YOLO v11 Object Detection

from espdl import CocoDetector
from jpeg import Decoder, Encoder
from myufont import CustomBMFont
from machine import Pin, SDCard
import os
sd = SDCard(slot=0, width=4, sck=43, cmd=44, data=(39, 40, 41, 42))
os.mount(sd, '/sd')
decoder = Decoder()
# Capture and process image
img = open("/sd/yolo1.jpg", "rb").read()  # Capture raw image (usually JPEG format)
wh = decoder.get_img_info(img)  # Get image width and height
# Get image width and height
width, height = wh
encoder = Encoder(width=width, height=height, pixel_format="RGB888")
face_detector = CocoDetector(width=width, height=height)
MSCOCO_CLASSES = [
    "person", "bicycle", "car", "motorcycle", "airplane", "bus", "train", "truck", "boat", "traffic light",
    "fire hydrant", "stop sign", "parking meter", "bench", "bird", "cat", "dog", "horse", "sheep", "cow",
    "elephant", "bear", "zebra", "giraffe", "backpack", "umbrella", "handbag", "tie", "suitcase", "frisbee",
    "skis", "snowboard", "sports ball", "kite", "baseball bat", "baseball glove", "skateboard", "surfboard",
    "tennis racket", "bottle", "wine glass", "cup", "fork", "knife", "spoon", "bowl", "banana", "apple",
    "sandwich", "orange", "broccoli", "carrot", "hot dog", "pizza", "donut", "cake", "chair", "couch",
    "potted plant", "bed", "dining table", "toilet", "tv", "laptop", "mouse", "remote", "keyboard",
    "cell phone", "microwave", "oven", "toaster", "sink", "refrigerator", "book", "clock", "vase",
    "scissors", "teddy bear", "hair dryer", "toothbrush"]
font = CustomBMFont('/sd/text_full_16px_2312.v3.bmf')
framebuffer = decoder.decode(img)  # Convert to RGB888 format
# Convert memoryview to bytearray for modification
framebuffer = bytearray(framebuffer)
# Run face detection
results = face_detector.run(framebuffer)
# Draw rectangle
def draw_rectangle(buffer, width, height, x, y, w, h, font, label, color=(255, 0, 0)):
    """
    Draw a rectangle on the RGB888 format image buffer
    :param buffer: Image buffer
    :param width: Image width
    :param height: Image height
    :param x: Top-left x coordinate of the rectangle
    :param y: Top-left y coordinate of the rectangle
    :param w: Width of the rectangle
    :param h: Height of the rectangle
    :param color: Rectangle color (RGB format)
    """
    # Helper function: Set the color of a single pixel
    def set_pixel(buffer, width, x, y, color):
        offset = (y * width + x) * 3
        buffer[offset] = color[0]  # R
        buffer[offset + 1] = color[1]  # G
        buffer[offset + 2] = color[2]  # B
    def is_chinese(ch):
        """Check if a character is a Chinese character"""

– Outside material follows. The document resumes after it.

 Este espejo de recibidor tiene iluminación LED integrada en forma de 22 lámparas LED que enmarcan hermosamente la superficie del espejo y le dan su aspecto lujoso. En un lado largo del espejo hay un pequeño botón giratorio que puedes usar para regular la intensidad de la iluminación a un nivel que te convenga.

        if '\u4e00' <= ch <= '\u9fff' or \
           '\u3400' <= ch <= '\u4dbf' or \
           '\u20000' <= ch <= '\u2a6df':
            return True
        return False
    def text(font, text, x_start, y_start, color, spacing=0, line_spacing=0, max_width=width):
        font_size = font.font_size
        bytes_per_row = (font_size + 7) // 8  # Bytes per row
        x, y = x_start, y_start
        for char in text:
            # Handle newline characters
            if char == '\n':
                y += font_size + line_spacing
                x = x_start
                continue
            if char == '\r':
                x += 2 * font_size
                continue
            # Get character width (full width for Chinese characters, half width for ASCII characters)

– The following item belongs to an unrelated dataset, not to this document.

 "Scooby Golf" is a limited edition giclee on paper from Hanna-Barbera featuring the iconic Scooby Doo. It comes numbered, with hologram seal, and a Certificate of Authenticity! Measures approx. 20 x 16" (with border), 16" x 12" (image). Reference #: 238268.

            char_width = font_size if is_chinese(char) else font_size // 2
            # Check if a line break is needed
            if max_width is not None and x + char_width > x_start + max_width:
                y += font_size + line_spacing
                x = x_start
            # Get character bitmap
            bitmap = font.get_char_bitmap(char)
            # Draw character
            for row in range(font_size):
                for col in range(char_width if not is_chinese(char) else font_size):
                    byte_idx = row * bytes_per_row + col // 8
                    bit_mask = 0x80 >> (col % 8)
                    if byte_idx < len(bitmap) and (bitmap[byte_idx] & bit_mask):
                        set_pixel(framebuffer, max_width, x + col, y + row, color)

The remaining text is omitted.